I think there are mainly two reasons why this kind of thing was shared by our Lord. And both of them are about keeping us humble. The first reason is to remind us that we don’t know everything. Or to put it another way, we aren’t in control. It has always astounded me that here we have Jesus, the founder of our faith, the incarnate God walking among us, saying “I don’t know when this is going to happen” and there have been people and are people saying “I know!” It just seems to me that saying you know more than Jesus is the highest form of arrogance. To claim that you’ve been given knowledge that Jesus didn’t even get is a heresy that we should avoid. Jesus says, I don’t know and implies that you don’t need to know. So, quit trying to figure it out.
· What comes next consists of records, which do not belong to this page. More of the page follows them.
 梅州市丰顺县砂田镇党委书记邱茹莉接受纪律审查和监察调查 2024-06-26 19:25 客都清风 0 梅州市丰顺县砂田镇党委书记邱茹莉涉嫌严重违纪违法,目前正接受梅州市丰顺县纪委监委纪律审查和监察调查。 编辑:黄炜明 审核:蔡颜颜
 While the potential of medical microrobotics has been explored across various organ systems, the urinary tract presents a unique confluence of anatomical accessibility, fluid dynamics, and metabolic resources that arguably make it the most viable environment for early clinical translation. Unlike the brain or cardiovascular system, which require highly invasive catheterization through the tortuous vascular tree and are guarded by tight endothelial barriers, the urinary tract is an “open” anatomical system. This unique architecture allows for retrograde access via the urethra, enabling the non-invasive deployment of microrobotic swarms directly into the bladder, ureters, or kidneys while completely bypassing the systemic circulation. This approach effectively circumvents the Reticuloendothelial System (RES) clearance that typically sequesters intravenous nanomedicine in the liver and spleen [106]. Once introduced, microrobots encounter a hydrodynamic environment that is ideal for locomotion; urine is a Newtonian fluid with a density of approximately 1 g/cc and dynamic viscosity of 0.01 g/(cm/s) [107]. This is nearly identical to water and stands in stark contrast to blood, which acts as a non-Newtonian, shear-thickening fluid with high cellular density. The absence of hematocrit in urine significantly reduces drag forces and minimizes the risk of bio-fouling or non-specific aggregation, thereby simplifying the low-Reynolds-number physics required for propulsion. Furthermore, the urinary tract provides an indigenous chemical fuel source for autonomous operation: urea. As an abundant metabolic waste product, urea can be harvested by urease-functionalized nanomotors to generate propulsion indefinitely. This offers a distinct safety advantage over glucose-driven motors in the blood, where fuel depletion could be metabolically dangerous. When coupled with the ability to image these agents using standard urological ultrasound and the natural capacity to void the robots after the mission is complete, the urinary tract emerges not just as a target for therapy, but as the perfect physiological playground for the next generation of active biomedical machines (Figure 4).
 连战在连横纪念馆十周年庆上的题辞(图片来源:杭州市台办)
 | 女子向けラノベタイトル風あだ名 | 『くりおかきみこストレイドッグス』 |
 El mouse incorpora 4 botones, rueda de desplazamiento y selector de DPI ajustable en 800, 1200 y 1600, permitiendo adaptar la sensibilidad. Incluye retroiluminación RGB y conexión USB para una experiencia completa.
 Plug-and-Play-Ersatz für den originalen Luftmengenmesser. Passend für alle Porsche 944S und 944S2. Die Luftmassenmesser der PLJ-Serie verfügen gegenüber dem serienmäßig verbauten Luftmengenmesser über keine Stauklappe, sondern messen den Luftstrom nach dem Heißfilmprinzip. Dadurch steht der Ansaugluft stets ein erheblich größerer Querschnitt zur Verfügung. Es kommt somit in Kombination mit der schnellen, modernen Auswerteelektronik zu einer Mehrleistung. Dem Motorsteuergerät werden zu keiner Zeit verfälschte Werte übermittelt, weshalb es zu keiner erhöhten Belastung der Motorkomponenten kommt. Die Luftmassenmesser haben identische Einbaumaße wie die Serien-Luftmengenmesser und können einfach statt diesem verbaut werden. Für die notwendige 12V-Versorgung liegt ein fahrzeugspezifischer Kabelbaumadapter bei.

But then, He does say keep watch. Isn’t that a call to figure it out? No, I don’t think so. I think it is a call to pay attention. Pay attention to the world around you and the work before you. Pay attention to whether what you are doing is Kingdom work or selfish work. Pay attention to the opportunities you have to let God’s grace flow through you, so that a little bit of the Kin-dom (I love that phrase that we’re using. Kingdom values imply the inter-relationship of all creation, we are longing for a Kin-dom) can shine through you.

I always loved the story, whether it really happened or not, of a conversation St. Francis of Assisi had one day as he was hoeing his beans. A pilgrim came upon the saint in the garden and called out to him. “Francis,” he said, “what would you do if you realized this was your last day on earth?” Francis paused a moment and wiped his brow. Then he picked up his hoe and went back to work. “I would continue hoeing this row of beans,” he said over his shoulder.

I don’t think this is really our last chance. Last chance as a nation, as a stable economy, as the people we are becoming. But even if it is, maybe we ought to just keep hoeing our beans. What Jesus was asking us to do, I think, was to stop worrying about the end, it’s not in our hands anyway, and we can trust the One in whose hands it resides. But to keep hoeing our beans trusting that what we do matters. And if it doesn’t matter, don’t do it. Do what we can, as we can and walk with God in all that we do. 

Just keep hoeing your beans. To the glory of God.